# Baby Cherries!!!



## holly12 (Apr 21, 2011)

I saw my first 2 baby Cherry Shrimp today! (My beautiful little babies, lol!) *banana dance

I couldn't get my first batch of cherries to breed, (high nitrates, which I'm working to bring down with a corner mini filter and Nitra-zorb). I went to the LFS and got a second batch (with 2 berried females). My husband saw 1 berried female yesterday, but I haven't seen either of them today. 

I was doing my gravel vacuuming and water change, when I saw 2 teeny tiny little cherry shrimp sitting on the gravel! (Wow are they ever small!! But PERFECT copies of their parents! Crazy!) I left that corner alone in case there were more. (I have a pre-sponge over the filter inlet to keep them from getting sucked into the filter, but I didn't see any on it when I went to rinse it off). They are the only 2 I've seen so far. (I hope I didn't vacuum any up - I moved the vacuum very carefully, giving any babies plenty of time to move).
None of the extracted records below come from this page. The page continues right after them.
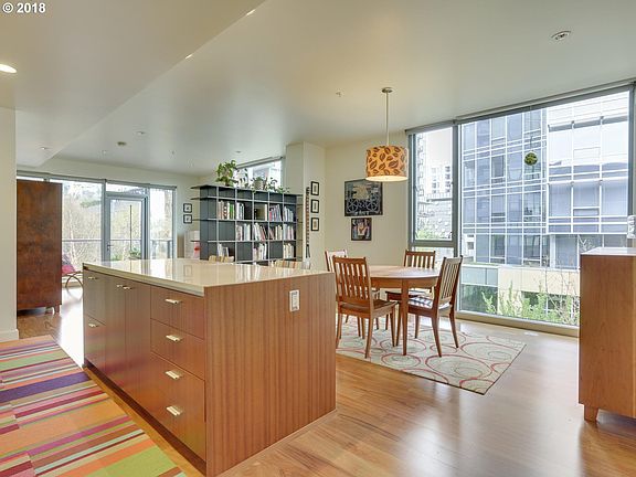 Rare NW corner unit with a sophisticated mix of warm wood tones, luxe tile & walls of windows=timeless appeal. Modern living at it's most convenient! 2 large bedrooms, 2 spacious full baths, 2 parking spots(tandem), TWO storage units, sunny balcony and courtyard view. Enjoy South Waterfront's premier Building, a front row seat to the Tillicum Bridge, Willamette river and all the shops & services you could want! No rental cap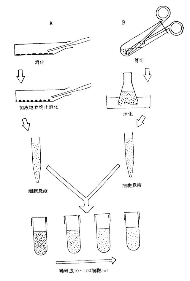 做克隆細胞時首先需先用消化法制備出分散成單個細胞懸液:然后稀釋細胞,使之成為1~2 細胞/毫升懸液;最適宜細胞密度為1~2 細胞/ml 培養(yǎng)液;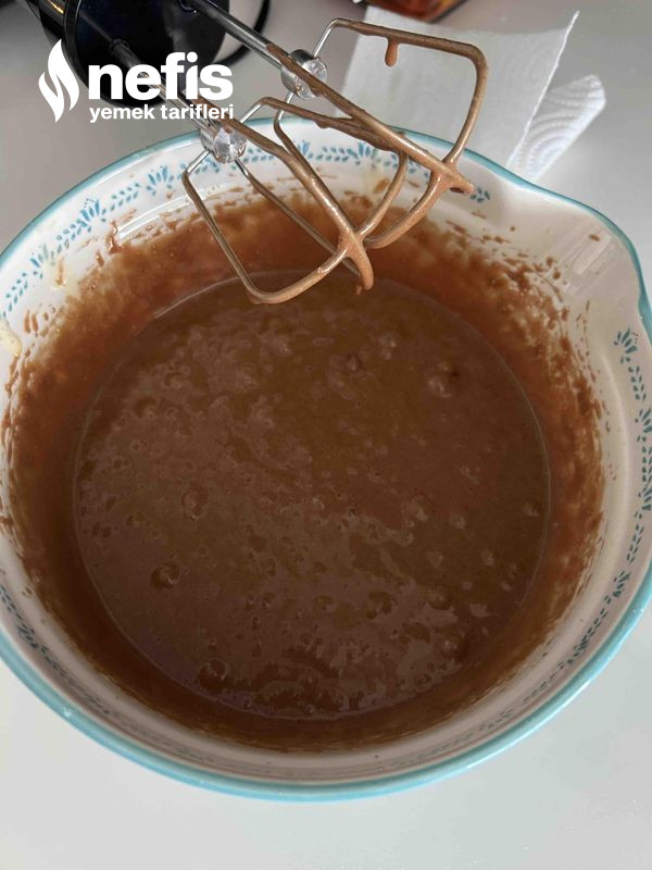 - Son olarak erittiğimiz çikolatalı karışımı ek edelim ve homojen bir kıvam alıncaya kadar çırpalım.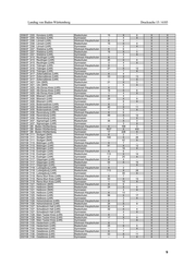Landtag von Baden-Württemberg Drucksache 15 / 6185 2007/08 211 - Baden-Baden (SKR) Werkreal-/Hauptschulen X 1 – X X 2007/08 211 - Baden-Baden (SKR) Realschulen 6 X 1 X X 2007/08 211 - Baden-Baden (SKR) Gymnasien 1 3 X X X 2007/08 212 - Karlsruhe (SKR) Werkreal-/Hauptschulen X 4 – X X 2007/08 212 - Karlsruhe (SKR) Realschulen 22 X 13 X X 2007/08 212 - Karlsruhe (SKR) Gymnasien – 12 X X X 2007/08 215 - Karlsruhe (LKR) Werkreal-/Hauptschulen X 4 – X X 2007/08 215 - Karlsruhe (LKR) Realschulen 93 X 23 X X 2007/08 215 - Karlsruhe (LKR) Gymnasien – 11 X X X 2007/08 216 - Rastatt (LKR) Werkreal-/Hauptschulen X 2 18 X X 2007/08 216 - Rastatt (LKR) Realschulen 33 X 13 X X 2007/08 216 - Rastatt (LKR) Gymnasien 1 8 X X X 2007/08 221 - Heidelberg (SKR) Realschulen 10 X 1 X X 2007/08 221 - Heidelberg (SKR) Gymnasien – 1 X X X 2007/08 222 - Mannheim (SKR) Werkreal-/Hauptschulen X 6 1 X X 2007/08 222 - Mannheim (SKR) Realschulen 29 X 13 X X 2007/08 222 - Mannheim (SKR) Gymnasien – 4 X X X 2007/08 225 - Neckar-Odenwald-Kreis (LKR) Realschulen 39 X 6 X X 2007/08 225 - Neckar-Odenwald-Kreis (LKR) Gymnasien 1 1 X X X 2007/08 226 - Rhein-Neckar-Kreis (LKR) Werkreal-/Hauptschulen X 9 – X X 2007/08 226 - Rhein-Neckar-Kreis (LKR) Realschulen 54 X 14 X X 2007/08 226 - Rhein-Neckar-Kreis (LKR) Gymnasien – 13 X X X 2007/08 231 - Pforzheim (SKR) Realschulen 29 X 9 X X 2007/08 231 - Pforzheim (SKR) Gymnasien 1 2 X X X 2007/08 235 - Calw (LKR) Werkreal-/Hauptschulen X 1 – X X 2007/08 235 - Calw (LKR) Realschulen 26 X 3 X X 2007/08 235 - Calw (LKR) Gymnasien 1 1 X X X 2007/08 236 - Enzkreis (LKR) Werkreal-/Hauptschulen X 2 – X X 2007/08 236 - Enzkreis (LKR) Realschulen 27 X 5 X X 2007/08 236 - Enzkreis (LKR) Gymnasien – 5 X X X 2007/08 237 - Freudenstadt (LKR) Werkreal-/Hauptschulen X 1 – X X 2007/08 237 - Freudenstadt (LKR) Realschulen 14 X 2 X X 2007/08 311 - Freiburg im Breisgau (SKR) Werkreal-/Hauptschulen X 1 – X X 2007/08 311 - Freiburg im Breisgau (SKR) Realschulen 17 X 3 X X 2007/08 311 - Freiburg im Breisgau (SKR) Gymnasien – 3 X X X 2007/08 315 - Breisgau-Hochschwarzwald (LKR) Werkreal-/Hauptschulen X 9 – X X 2007/08 315 - Breisgau-Hochschwarzwald (LKR) Realschulen 36 X 9 X X 2007/08 315 - Breisgau-Hochschwarzwald (LKR) Gymnasien – 4 X X X 2007/08 316 - Emmendingen (LKR) Werkreal-/Hauptschulen X 3 – X X 2007/08 316 - Emmendingen (LKR) Realschulen 7 X 3 X X 2007/08 316 - Emmendingen (LKR) Gymnasien – 4 X X X 2007/08 317 - Ortenaukreis (LKR) Werkreal-/Hauptschulen X 5 – X X 2007/08 317 - Ortenaukreis (LKR) Realschulen 84 X 9 X X 2007/08 317 - Ortenaukreis (LKR) Gymnasien – 2 X X X 2007/08 325 - Rottweil (LKR) Werkreal-/Hauptschulen X 1 – X X 2007/08 325 - Rottweil (LKR) Realschulen 20 X 8 X X 2007/08 325 - Rottweil (LKR) Gymnasien 1 1 X X X 2007/08 326 - Schwarzwald-Baar-Kreis (LKR) Werkreal-/Hauptschulen X 4 – X X 2007/08 326 - Schwarzwald-Baar-Kreis (LKR) Realschulen 23 X 4 X X 2007/08 326 - Schwarzwald-Baar-Kreis (LKR) Gymnasien 1 2 X X X 2007/08 327 - Tuttlingen (LKR) Werkreal-/Hauptschulen X 2 – X X 2007/08 327 - Tuttlingen (LKR) Realschulen 20 X 5 X X 2007/08 327 - Tuttlingen (LKR) Gymnasien 1 2 X X X 2007/08 335 - Konstanz (LKR) Werkreal-/Hauptschulen X 2 1 X X 2007/08 335 - Konstanz (LKR) Realschulen 36 X 5 X X 2007/08 335 - Konstanz (LKR) Gymnasien 1 1 X X X 2007/08 336 - Lörrach (LKR) Realschulen 41 X 4 X X 2007/08 336 - Lörrach (LKR) Gymnasien – 3 X X X 2007/08 337 - Waldshut (LKR) Werkreal-/Hauptschulen X 2 1 X X 2007/08 337 - Waldshut (LKR) Realschulen 14 X 7 X X 2007/08 337 - Waldshut (LKR) Gymnasien – 2 X X X 2007/08 415 - Reutlingen (LKR) Werkreal-/Hauptschulen X 7 – X X 2007/08 415 - Reutlingen (LKR) Realschulen 36 X 9 X X 2007/08 415 - Reutlingen (LKR) Gymnasien – 3 X X X 2007/08 416 - Tübingen (LKR) Werkreal-/Hauptschulen X 2 – X X 2007/08 416 - Tübingen (LKR) Realschulen 19 X 7 X X 2007/08 416 - Tübingen (LKR) Gymnasien – 6 X X X 2007/08 417 - Zollernalbkreis (LKR) Werkreal-/Hauptschulen X 3 – X X 2007/08 417 - Zollernalbkreis (LKR) Realschulen 52 X 7 X X 2007/08 421 - Ulm (SKR) Werkreal-/Hauptschulen X 1 – X X 2007/08 421 - Ulm (SKR) Realschulen 29 X 5 X X 2007/08 421 - Ulm (SKR) Gymnasien – 5 X X X 2007/08 425 - Alb-Donau-Kreis (LKR) Werkreal-/Hauptschulen X 1 – X X 2007/08 425 - Alb-Donau-Kreis (LKR) Realschulen 24 X 5 X X 10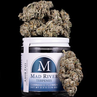 Rare exclusive grown indoors by Mad River Terpenes: Jokerz x Point Break The Latin phrase for ‘love of fate' or ‘love of one's fate,' this bud packs a bright and happy high that will have you feeling like you're in the best mood of your life. The Amor Fati high will hit you quickly, activating your mind with a soaring sense of happy energy and motivation. You'll feel super euphoric and creatively inspired, ready to get sociable or get working on anything you've been avoiding on your to-do list. A sharp sense of focus accompanies this bright energy, keeping you on-task and mentally clear for hours on end. With these effects and its super high 26-27% average THC level, Amor Fati is often suggested to treat experienced patients with a variety of conditions including chronic fatigue, chronic stress or PTSD, headaches or migraines, depression or mood swings and ADD or ADHD.

I hope there are more, and can't wait for them to get bigger!! There isn't a cover (pre-sponge) for the corner mini filter inlet (it doesn't have a high air flow anyway), so next week when I do my water change I will dump the little 'thingies' in the bottom into the tank in case they happen to be babies. (I'm sure if they are they will survive as little bits of food are sure to be in there with them).

A week or so ago, all my females lost their yellow saddles, but they didn't have any eggs on their bellies. Today, I spotted a couple cherries with yellow saddles and I'm hoping they will breed and carry some eggs! *w3

Does anyone know how long it takes for the smaller than pin head sized babies to get to a decent size? (ex: you don't have to squint to see them, lol).


----------



## Gizmo (Dec 6, 2010)

I just spotted about 20 little babies in my 3G breeder tank (surprised and very glad the male feeder guppy did what I wanted him to, which was to NOT eat the babies). They take a few months to reach breeding size, from my experiences in the past with breeding them. They breed like rabbits, so within a year you'll have hundreds.
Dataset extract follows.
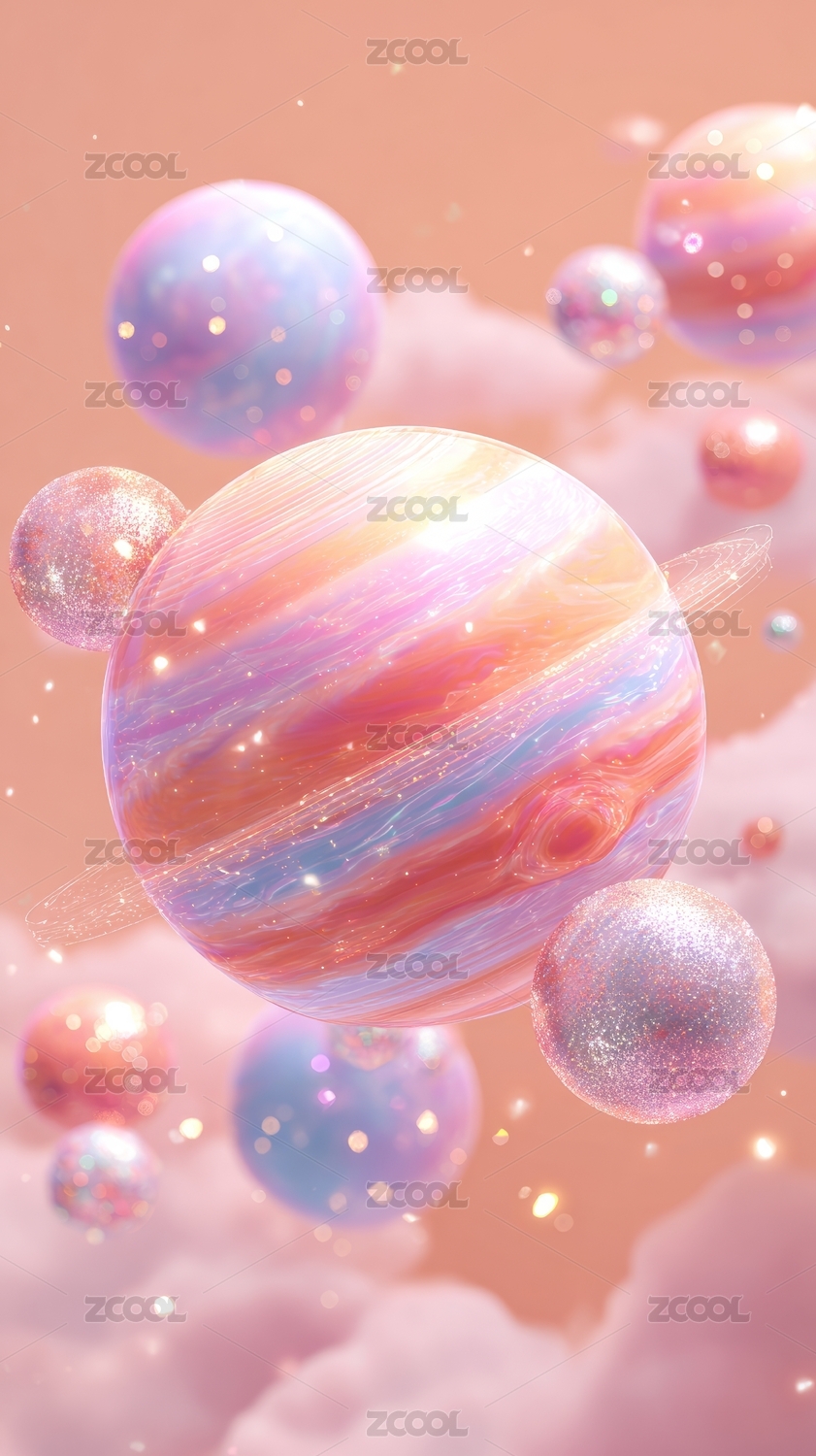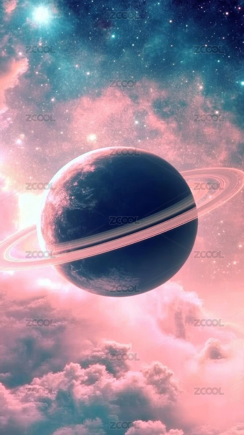 星球,宇宙,梦幻,粉色,唯美,浪漫,太空,星云,行星环,水彩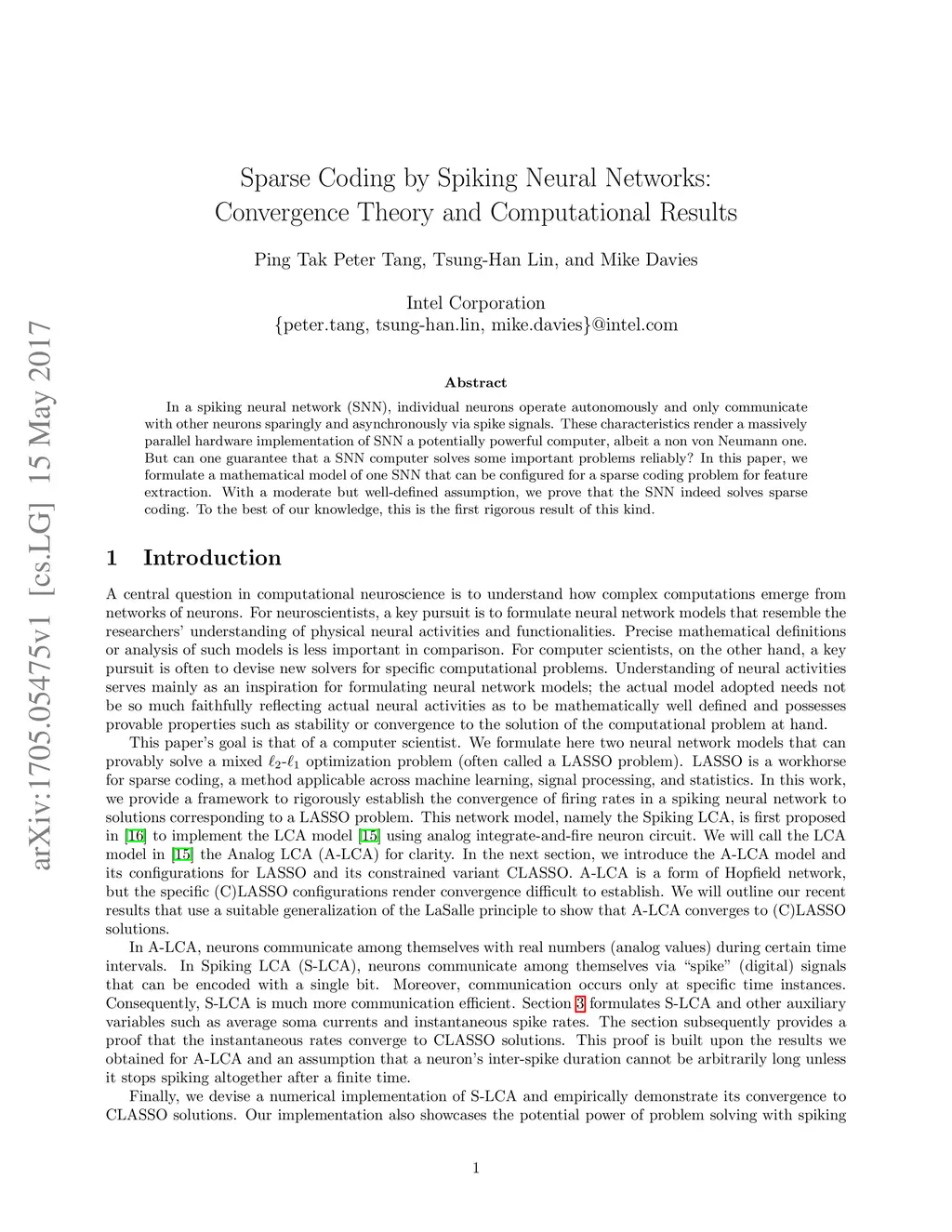Sparse Coding by Spiking Neural Networks: Convergence Theory and

A word of advice - DO NOT VACUUM GRAVEL! Any water you take out will likely have babies in it, even when you don't vacuum the gravel. I'm glad to hear you're putting a prefilter on your filter - I run a low-tech bubble convection filter on my breeder.
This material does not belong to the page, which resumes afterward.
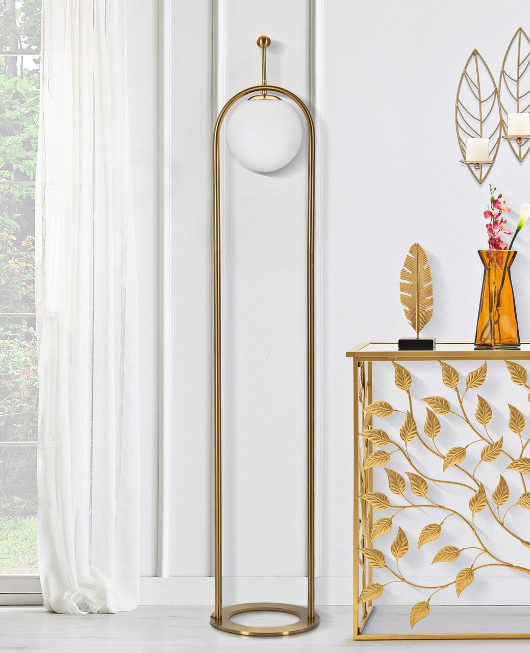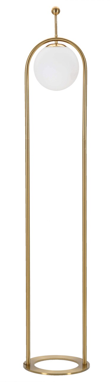 Lampadar din metal auriu cu linii simple si un abajur elegant cu sfere din sticla alba.

Also, overfeed your tank, if marginally so. That way, your fish won't get hungry and go after the babies. Also, it'll give the babies something to eat aside from algae.

Do you have live plants? How big is the tank?


----------



## holly12 (Apr 21, 2011)

It's a 10g with a giant hygro and a dwarf hygro. There is also a silk plant and lots of decorations in it.

I usually have to vacuum the gravel b/c I have African Dwarf frogs and I have to clean up the frog bites they miss and the blood worms they miss. If I didn't vacuum the gravel each week, the tank would be disgusting. I am doing my best to reduce the amount of food I put in the tank, but the water is still disgusting in the bucket after I've vacuumed the gravel.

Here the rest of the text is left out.